■ **Given data**:

****

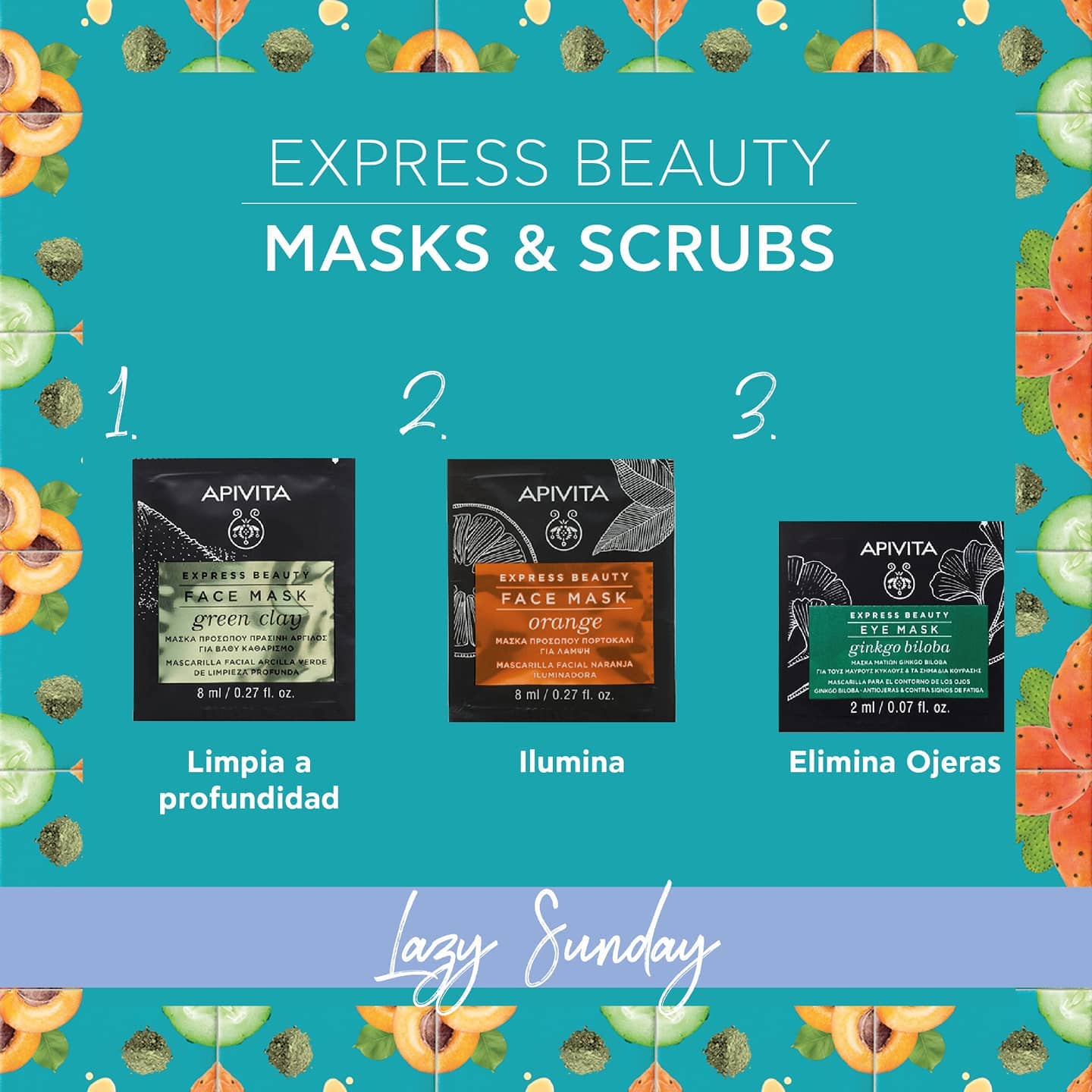 APIVITA Mascarilla Facial de Arcilla Verde. Contenido de una caja con 6 tiras de 2 Sachets de 8 ml c/u.
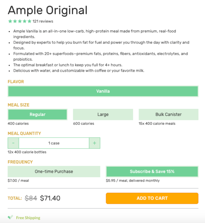 Anchor pricing is often used for bundles or subscription orders by showcasing the cost savings a customer gets when they but more or subscribe, rather than making a one-off purchase. In these cases, a discount is offered for committing to multiple items or orders and the customer can test the savings at checkout to verify they would save money this way.
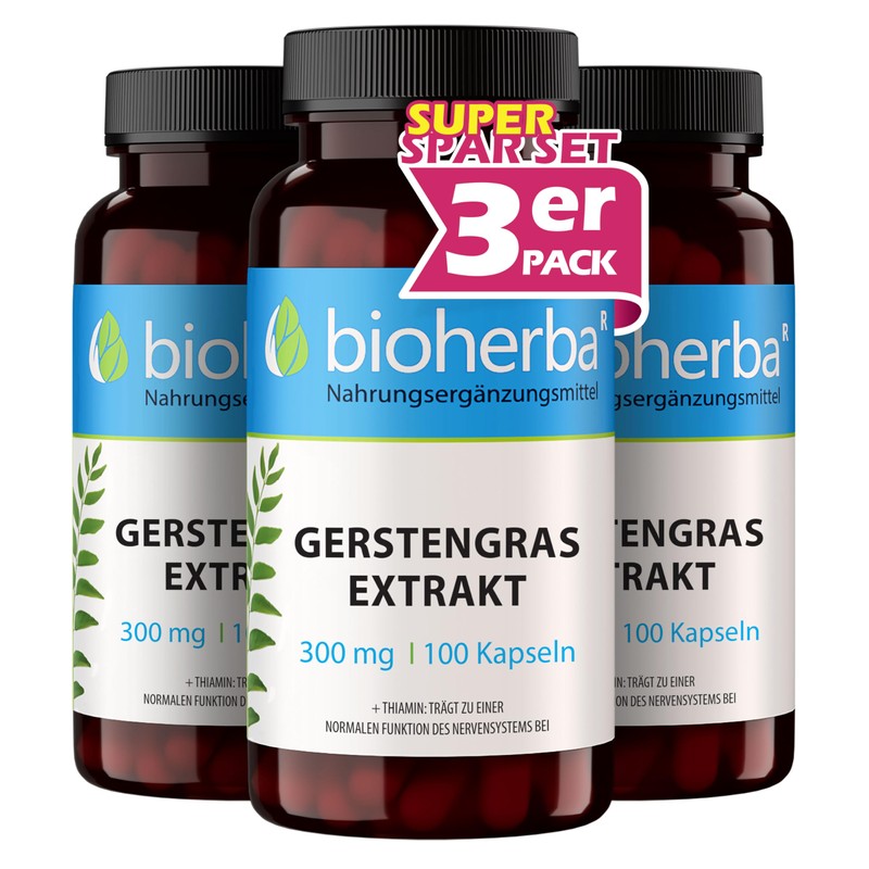 BIOHERBA Gerstengras Kapseln C 300 Stck 300?mg Extrakt (Hordeum vulgare L.) mit Vitamin B1 C Fr eine bewusste Ern?hrung von BIOHERBA PZN 19726142
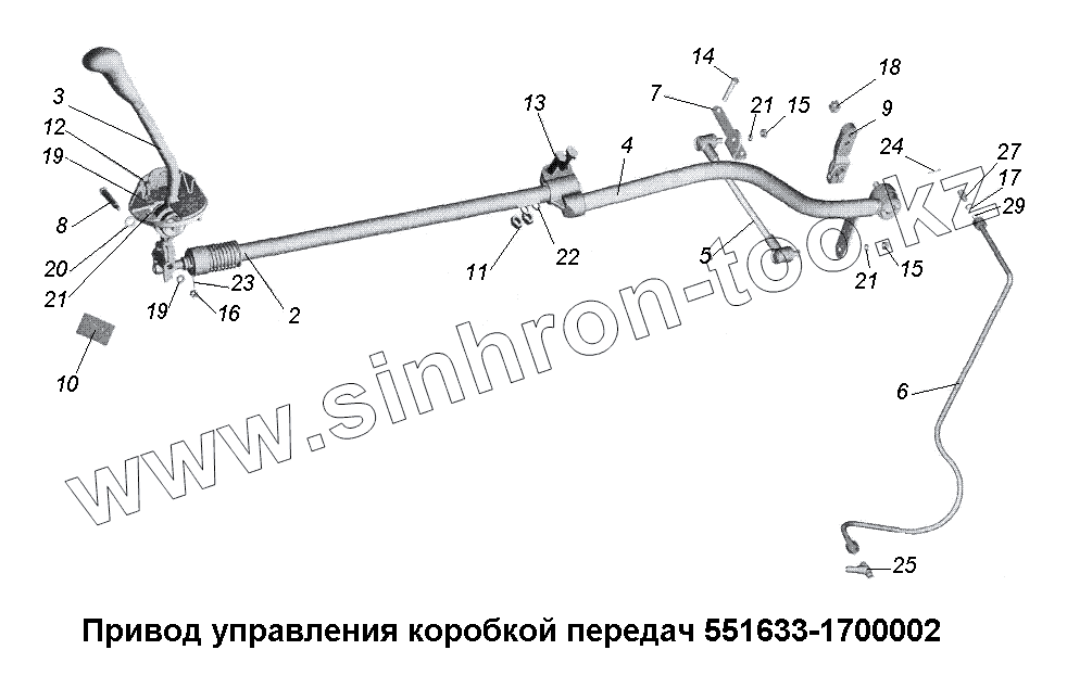 Каталог запасных частей к технике: МАЗ-533731. Привод управления коробкой передач 551633-1700002

****

■ **Task description**:
The answer must consist solely of the lines from the one with "Anchor pricing is" through the final line of the data, each reproduced exactly and with pictures omitted.

■ **Exercise output**:
 Anchor pricing is often used for bundles or subscription orders by showcasing the cost savings a customer gets when they but more or subscribe, rather than making a one-off purchase. In these cases, a discount is offered for committing to multiple items or orders and the customer can test the savings at checkout to verify they would save money this way.
 BIOHERBA Gerstengras Kapseln C 300 Stck 300?mg Extrakt (Hordeum vulgare L.) mit Vitamin B1 C Fr eine bewusste Ern?hrung von BIOHERBA PZN 19726142
 Каталог запасных частей к технике: МАЗ-533731. Привод управления коробкой передач 551633-1700002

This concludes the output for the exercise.